Telma Marques da Silva, da etnia Taurepang, de Roraima | Foto: Fabiana Reinholz 

De acordo com ela, o contexto é de resistência dos povos indígena em seus territórios diante de um governo capitalista que não pensa em outra coisa a não ser em um desenvolvimento que acaba sendo genocida para os povos indígenas. Ela critica a exploração dentro da terra indígena de mineração, de petróleo ou barragens, que atingem diretamente os povos. “Nossa luta é sempre estar nessa resistência perante esse governo que não respeita os povos, que não respeita a Constituição de 88, os artigos 231 e 232, feita com a voz de muitas lideranças”, conclui.

Ato político centro de Porto Alegre 

Ato político dos estudantes indígenas no centro de Porto Alegre | Foto: Roberto Liebgott/CIMI

Além das mesas de debate, os indígenas realizaram uma caminha colorindo de urucum o centro da cidade, levando às ruas da capital gaúcha as pautas fundamentais à existência dos povos indígenas, assim como as políticas de permanência no ensino superior e dos direitos originários dos povos indígenas e quilombolas.

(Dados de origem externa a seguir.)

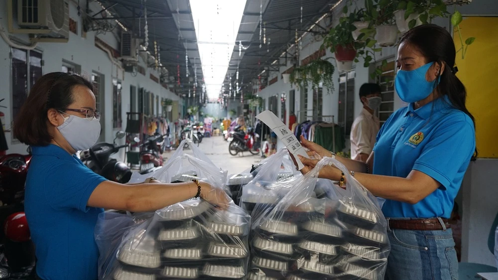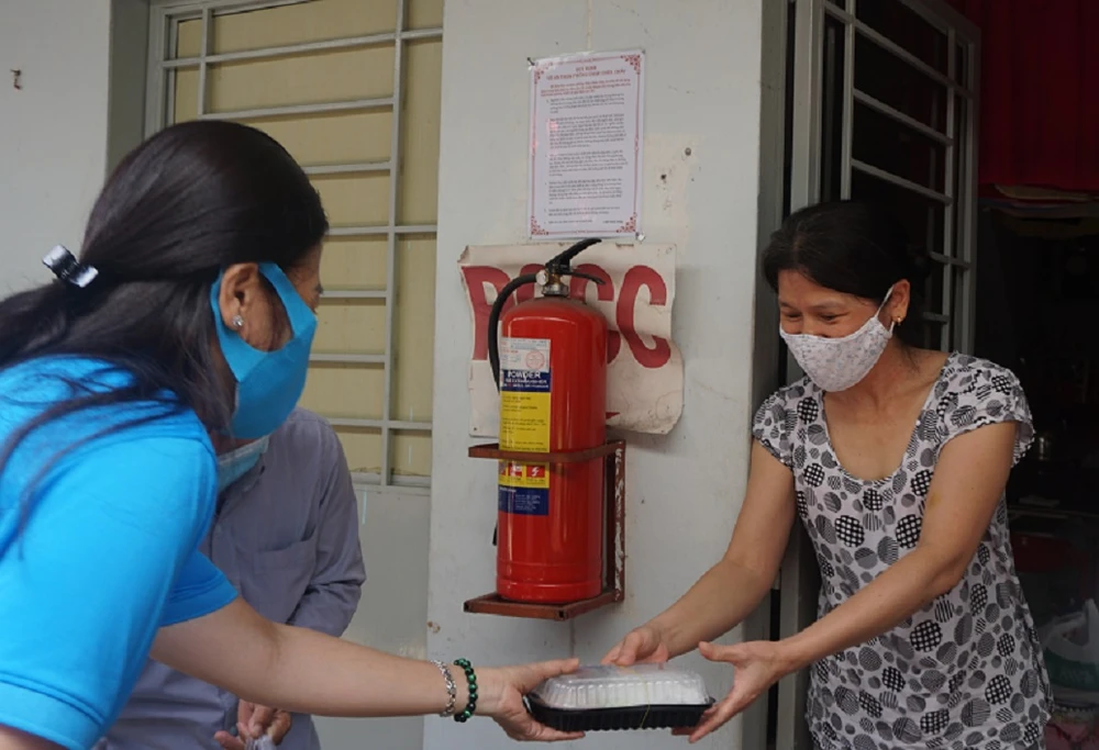 Những suất cơm nóng hổi đã được cán bộ Liên đoàn Lao động quận Tân Phú và chủ nhà trọ trao tận tay người lao động. Ảnh: NGUYỄN QUYÊN

“Levamos para a rua a denúncia dos nossos direitos, que são todos os dias retirados, a defesa da Amazônia, o que vem acontecendo com ela, da sua diversidade que está em risco. Falamos também sobre a questão do genocídio, que é muito grande, dos povos indígenas e das populações tradicionais”, relata Alice Martins, mulher indígena Guarani em contexto urbano graduanda do curso de pedagogia da Universidades Federal de Pelotas (UFPEL).

Alice ressalta que a luta indígena é pela preservação de seu modo de vida e existência. “As pessoas não conseguem compreender isso porque tanto o governo como outras pessoas defendem que nós temos que nos integrar à sociedade branca da forma como eles querem, e se isso vem a acontecer será o nosso fim”, destaca.

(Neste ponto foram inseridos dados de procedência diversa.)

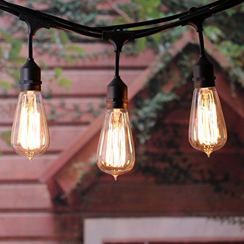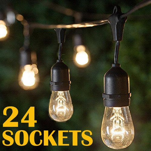 48Ft Outdoor Weatherproof String Lights with 24 Sockets E26 Base & 26 11W S14 Warm Bulbs, Commercial Grade Heavy Duty Light String for Patio, Bistro, Backyard, Black
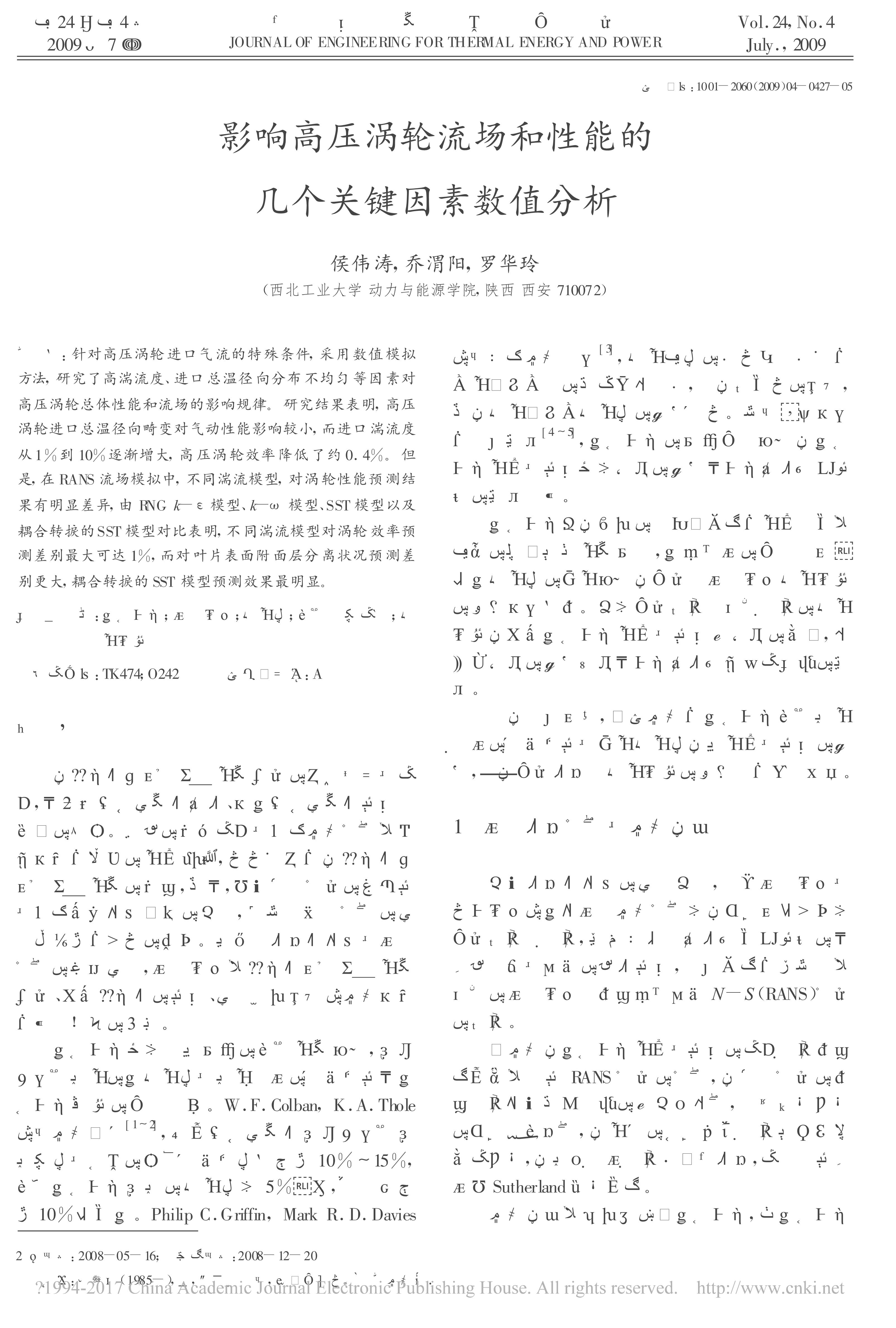 .影响高压涡轮流场和性能的几个关键因素数值分析[J].热能动力工程,2009,24(4):

Alice (à direita) ao lado de companheiras indígenas durante ato político | Foto: Divulgação 

Ainda segundo Alice, a caminhada serviu para demonstrar que, 519 anos depois, a população indígena está dentro da universidade. “Estamos dentro dessa estrutura completamente patriarcal, branca, e exigimos respeito. Apesar de termos um processo seletivo para estudantes indígenas, não temos a garantia desse estudante indígena estar dentro dessa universidade”, conta.

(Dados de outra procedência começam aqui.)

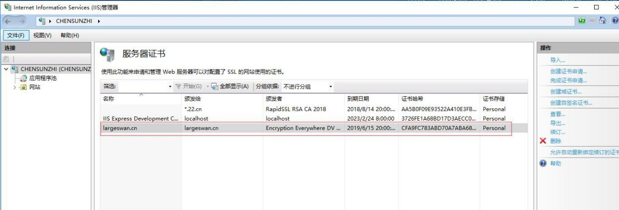 导入使用(在IIS中,选中左侧根节点,在右侧”功能视图“中,打开“服务器证书”,在最右侧
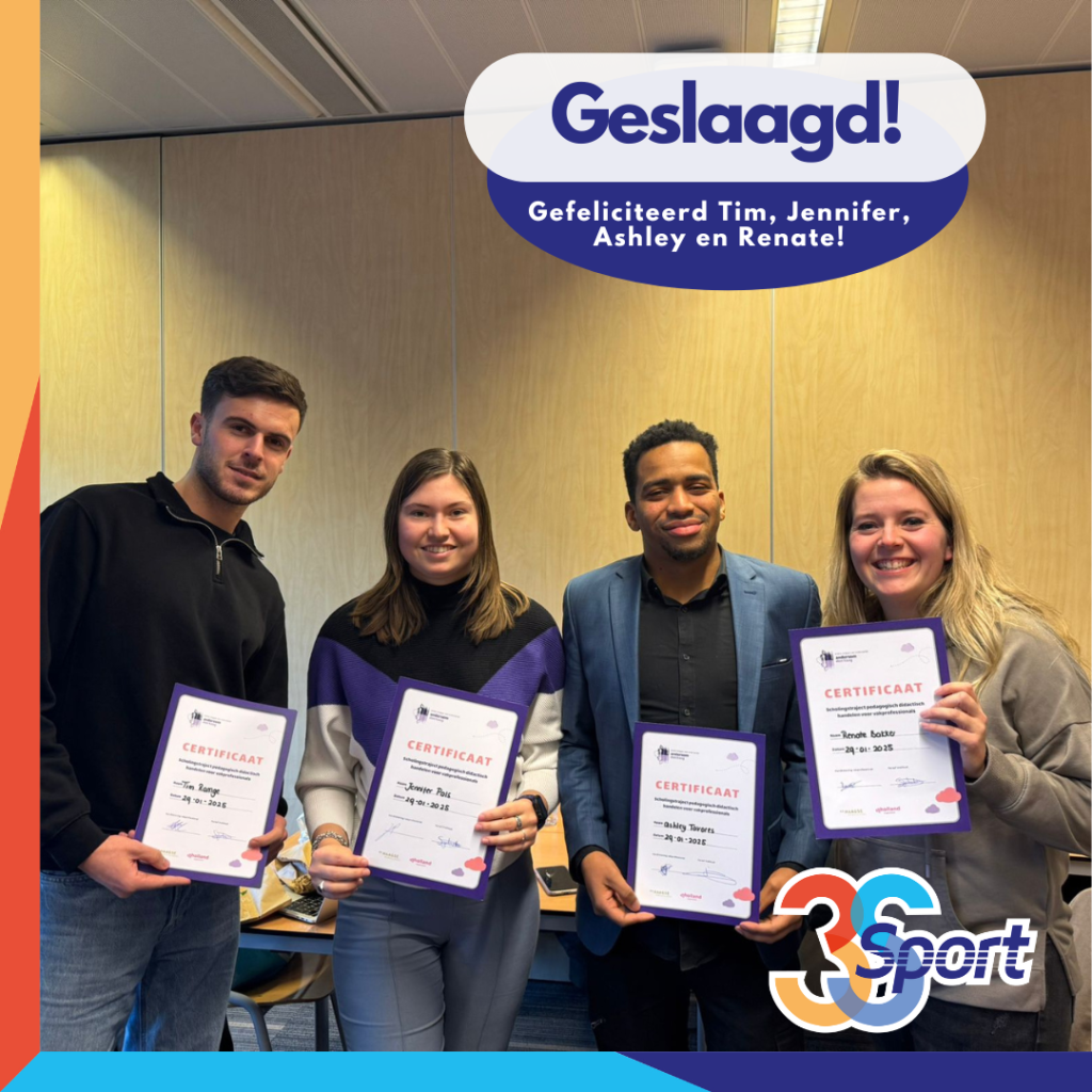 Op woensdag 29 januari was het een feestelijke dag voor vier collega’s van 3SSport. Zij hebben met succes deelgenomen aan het eerste scholingstraject van Andersom Den Haag, een traject van 20 weken waarin vakprofessionals uit verschillende disciplines samenkomen om hun rol in het basisonderwijs te versterken. Na een intensief leertraject mochten de deelnemers hun dik verdiende certificaat in ontvangst nemen!

Apesar das dificuldades de recursos, o encontro conseguiu reunir, de acordo com Alice, 303 etnias de todo o país, que estiveram presentes para mostrar ao governo e à sociedade que o povo indígena está unido na luta. “Estamos unidos e caminhamos juntos, e não queremos mais ser instrumento para ser usado quando está dentro da academia, queremos que respeitem nosso modo de vida, esse foi o grito desse ato político”, conclui.

Além da caminhada, a atividade contou com um debate sobre a demarcação de terras indígenas, organizado pelo Jornal da Universidade e Instituto Latino-Americano de Estudos Avançados (ILEA/UFRGS), com os debatedores Ana Patte, o procurador do Ministério Público Federal no Rio Grande do Sul, Paulo Leivas, o professor do departamento de Antropologia da UFRGS, José Otávio Catafesto e Telma Taurepang.